- ASSIGNMENT -
Since the listing below shows pictures, leave them out and write out exactly the lines from the line with "Пластиковая пуговица на" to the line with "0歳児と泊まっても安心できるように危険なものがないシンプルな和室にしました。", both included, and no others.

- DATA TO USE -
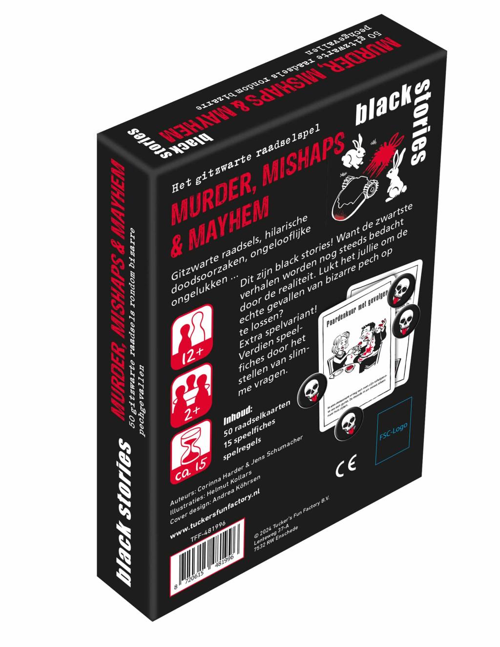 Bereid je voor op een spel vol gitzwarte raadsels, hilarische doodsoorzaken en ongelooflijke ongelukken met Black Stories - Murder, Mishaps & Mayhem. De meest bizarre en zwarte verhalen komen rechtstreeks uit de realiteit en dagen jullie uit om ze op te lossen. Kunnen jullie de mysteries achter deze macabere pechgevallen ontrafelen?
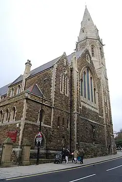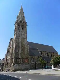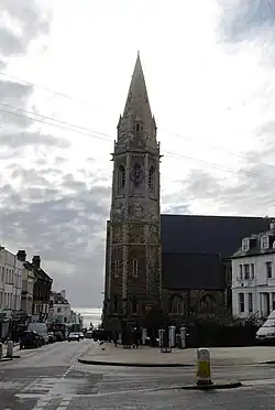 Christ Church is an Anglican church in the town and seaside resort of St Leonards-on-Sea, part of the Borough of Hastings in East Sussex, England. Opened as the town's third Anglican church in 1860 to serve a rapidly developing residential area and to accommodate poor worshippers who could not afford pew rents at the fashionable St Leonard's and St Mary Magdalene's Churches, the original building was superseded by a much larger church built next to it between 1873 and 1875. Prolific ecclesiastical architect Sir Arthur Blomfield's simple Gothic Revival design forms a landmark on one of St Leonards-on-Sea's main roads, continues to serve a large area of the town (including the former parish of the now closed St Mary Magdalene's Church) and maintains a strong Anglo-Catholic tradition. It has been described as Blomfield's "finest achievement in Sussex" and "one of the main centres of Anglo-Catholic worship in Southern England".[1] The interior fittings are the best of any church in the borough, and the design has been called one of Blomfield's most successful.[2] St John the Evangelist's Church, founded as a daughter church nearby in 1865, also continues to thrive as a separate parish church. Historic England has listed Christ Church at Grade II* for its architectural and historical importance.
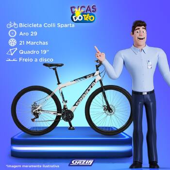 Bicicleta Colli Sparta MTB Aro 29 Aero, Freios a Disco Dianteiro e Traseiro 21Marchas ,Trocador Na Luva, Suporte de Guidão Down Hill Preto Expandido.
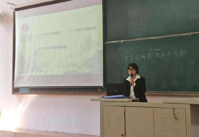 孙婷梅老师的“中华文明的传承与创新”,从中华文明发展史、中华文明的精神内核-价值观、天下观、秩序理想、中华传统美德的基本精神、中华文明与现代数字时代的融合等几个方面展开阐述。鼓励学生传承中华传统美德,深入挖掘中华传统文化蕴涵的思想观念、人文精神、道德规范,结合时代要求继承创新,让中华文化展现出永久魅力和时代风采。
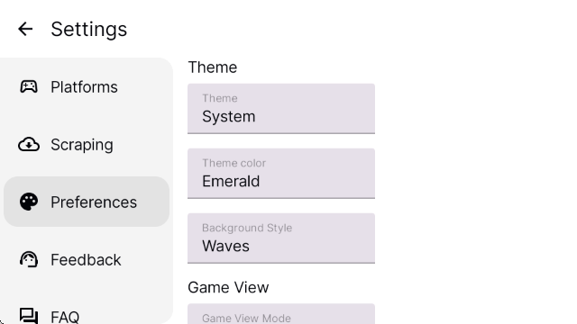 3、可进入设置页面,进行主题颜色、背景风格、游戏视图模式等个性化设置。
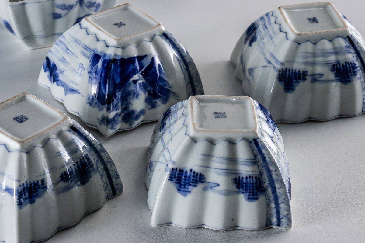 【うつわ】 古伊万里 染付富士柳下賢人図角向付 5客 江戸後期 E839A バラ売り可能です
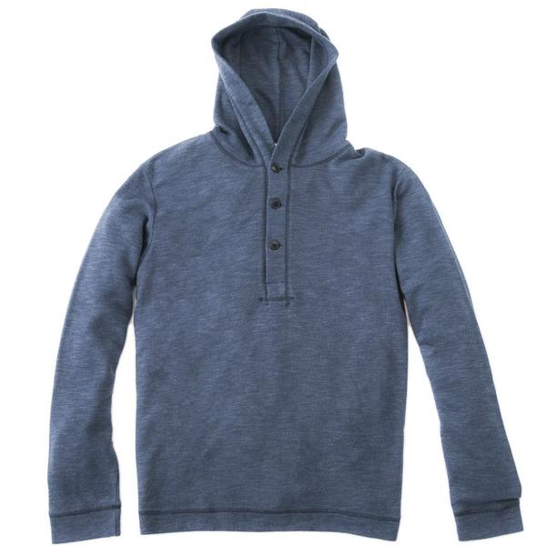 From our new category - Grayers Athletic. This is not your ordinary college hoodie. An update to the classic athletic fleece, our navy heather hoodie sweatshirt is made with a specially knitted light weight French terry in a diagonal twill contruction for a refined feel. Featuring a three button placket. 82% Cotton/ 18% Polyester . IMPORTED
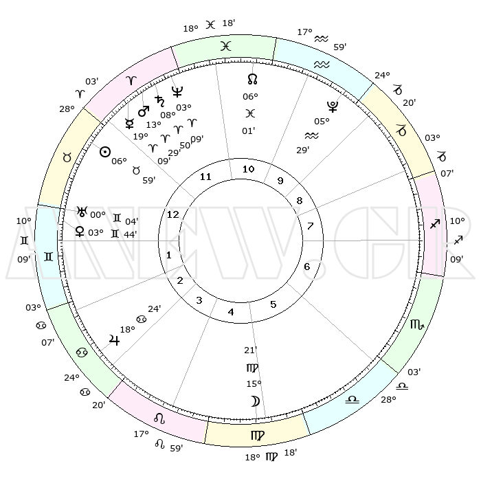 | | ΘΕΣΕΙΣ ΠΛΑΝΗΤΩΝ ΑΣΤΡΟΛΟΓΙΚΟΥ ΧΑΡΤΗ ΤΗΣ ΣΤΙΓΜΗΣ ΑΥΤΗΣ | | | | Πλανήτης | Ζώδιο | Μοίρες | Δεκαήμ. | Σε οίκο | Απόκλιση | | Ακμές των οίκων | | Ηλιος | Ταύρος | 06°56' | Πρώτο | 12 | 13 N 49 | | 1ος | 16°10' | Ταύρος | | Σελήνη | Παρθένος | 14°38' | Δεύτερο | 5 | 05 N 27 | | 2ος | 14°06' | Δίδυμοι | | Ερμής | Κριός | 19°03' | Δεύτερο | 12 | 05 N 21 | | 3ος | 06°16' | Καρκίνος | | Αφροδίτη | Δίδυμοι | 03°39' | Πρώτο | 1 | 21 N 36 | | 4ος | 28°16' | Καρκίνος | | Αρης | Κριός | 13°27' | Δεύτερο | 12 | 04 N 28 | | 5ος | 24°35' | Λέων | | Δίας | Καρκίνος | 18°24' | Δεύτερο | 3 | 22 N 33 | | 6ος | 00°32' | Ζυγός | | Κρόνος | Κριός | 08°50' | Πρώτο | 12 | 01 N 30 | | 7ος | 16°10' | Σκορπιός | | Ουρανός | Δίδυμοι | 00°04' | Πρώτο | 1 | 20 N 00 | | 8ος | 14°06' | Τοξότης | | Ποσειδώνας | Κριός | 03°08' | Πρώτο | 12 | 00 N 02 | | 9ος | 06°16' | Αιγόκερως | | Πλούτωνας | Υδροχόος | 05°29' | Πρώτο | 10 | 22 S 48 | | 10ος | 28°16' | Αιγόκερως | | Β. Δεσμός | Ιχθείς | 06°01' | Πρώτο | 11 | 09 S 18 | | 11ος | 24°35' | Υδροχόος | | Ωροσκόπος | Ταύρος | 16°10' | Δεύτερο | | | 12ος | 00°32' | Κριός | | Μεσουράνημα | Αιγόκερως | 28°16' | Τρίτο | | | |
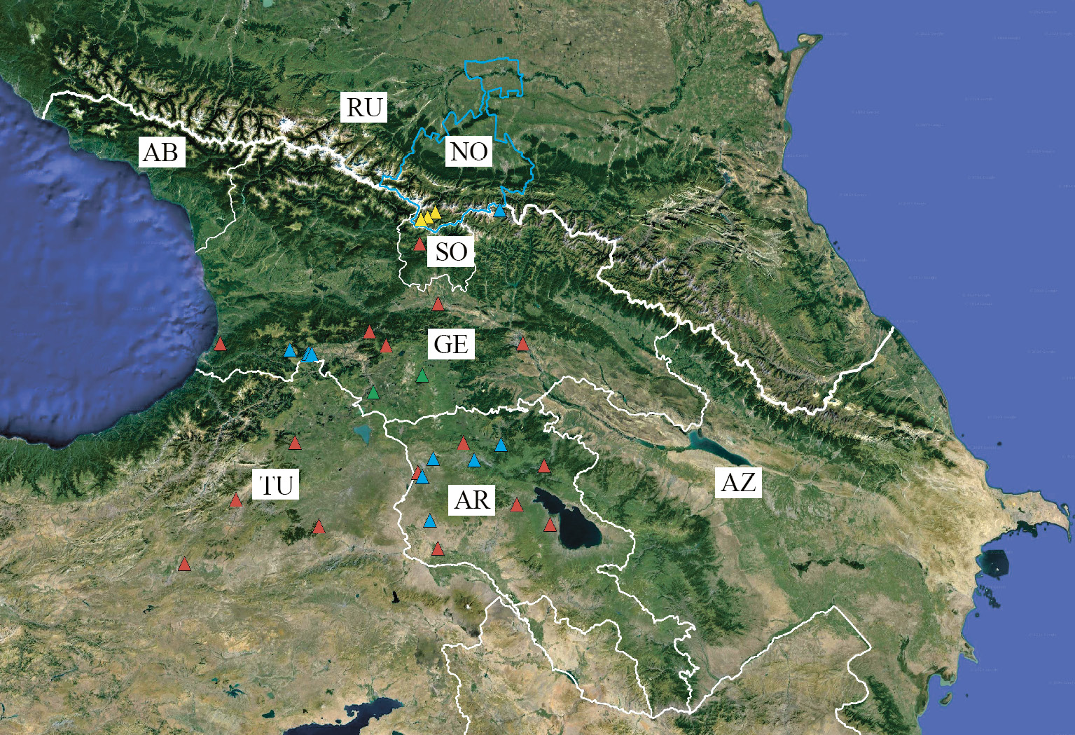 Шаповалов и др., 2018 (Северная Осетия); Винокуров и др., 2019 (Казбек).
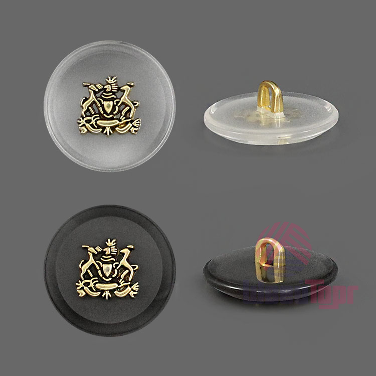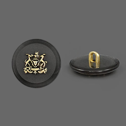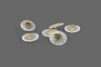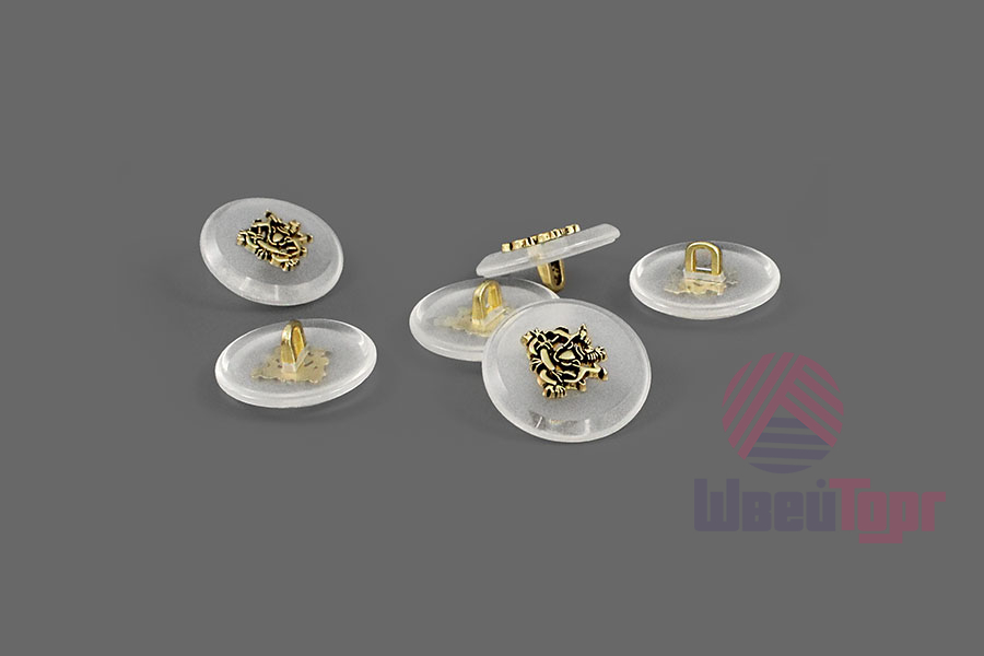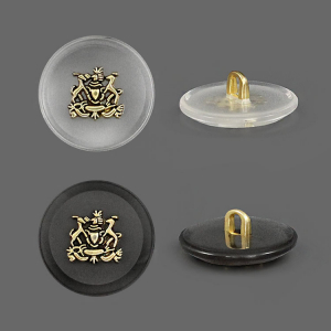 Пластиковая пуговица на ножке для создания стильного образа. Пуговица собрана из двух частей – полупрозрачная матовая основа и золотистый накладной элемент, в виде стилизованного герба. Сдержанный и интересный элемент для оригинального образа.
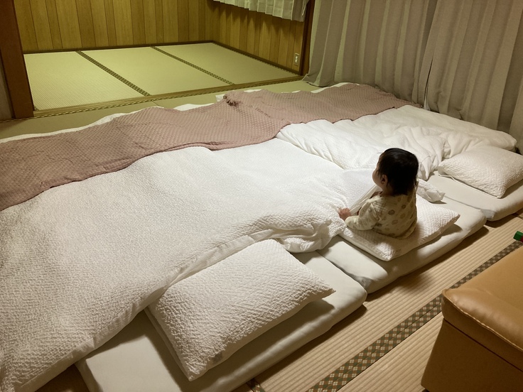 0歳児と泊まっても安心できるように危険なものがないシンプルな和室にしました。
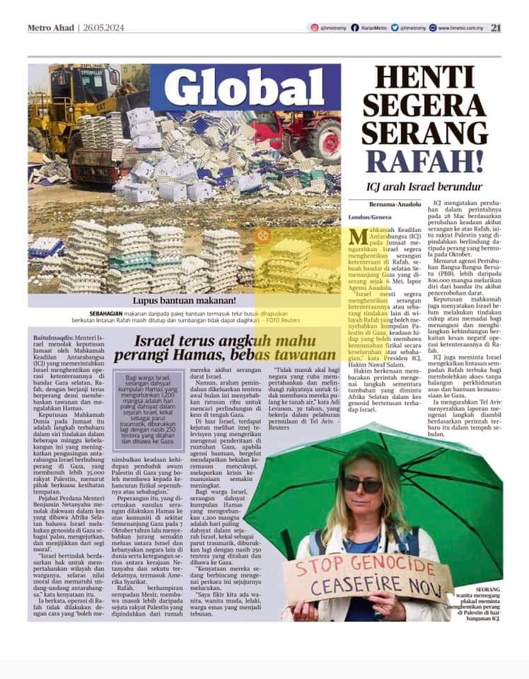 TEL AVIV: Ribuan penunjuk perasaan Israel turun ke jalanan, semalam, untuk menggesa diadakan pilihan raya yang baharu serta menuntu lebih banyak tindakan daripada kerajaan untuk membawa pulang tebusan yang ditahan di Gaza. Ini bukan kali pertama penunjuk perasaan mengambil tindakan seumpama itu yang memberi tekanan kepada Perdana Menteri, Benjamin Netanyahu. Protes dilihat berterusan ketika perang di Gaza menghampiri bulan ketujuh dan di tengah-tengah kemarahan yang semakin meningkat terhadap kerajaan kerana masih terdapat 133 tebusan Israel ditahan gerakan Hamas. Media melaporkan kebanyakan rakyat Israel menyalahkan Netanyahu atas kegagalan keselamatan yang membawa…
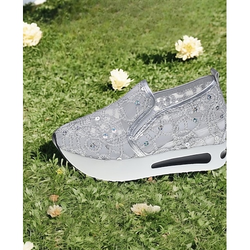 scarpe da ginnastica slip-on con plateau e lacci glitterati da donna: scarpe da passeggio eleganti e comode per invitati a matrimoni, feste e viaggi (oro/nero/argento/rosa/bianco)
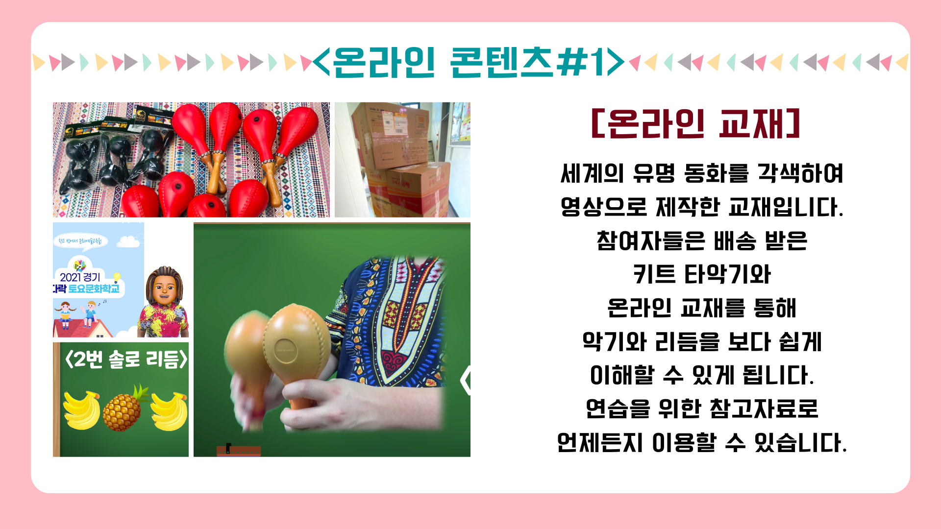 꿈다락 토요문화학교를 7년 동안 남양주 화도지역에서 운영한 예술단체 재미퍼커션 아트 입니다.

- RESULT BELOW -
 Пластиковая пуговица на ножке для создания стильного образа. Пуговица собрана из двух частей – полупрозрачная матовая основа и золотистый накладной элемент, в виде стилизованного герба. Сдержанный и интересный элемент для оригинального образа.
 0歳児と泊まっても安心できるように危険なものがないシンプルな和室にしました。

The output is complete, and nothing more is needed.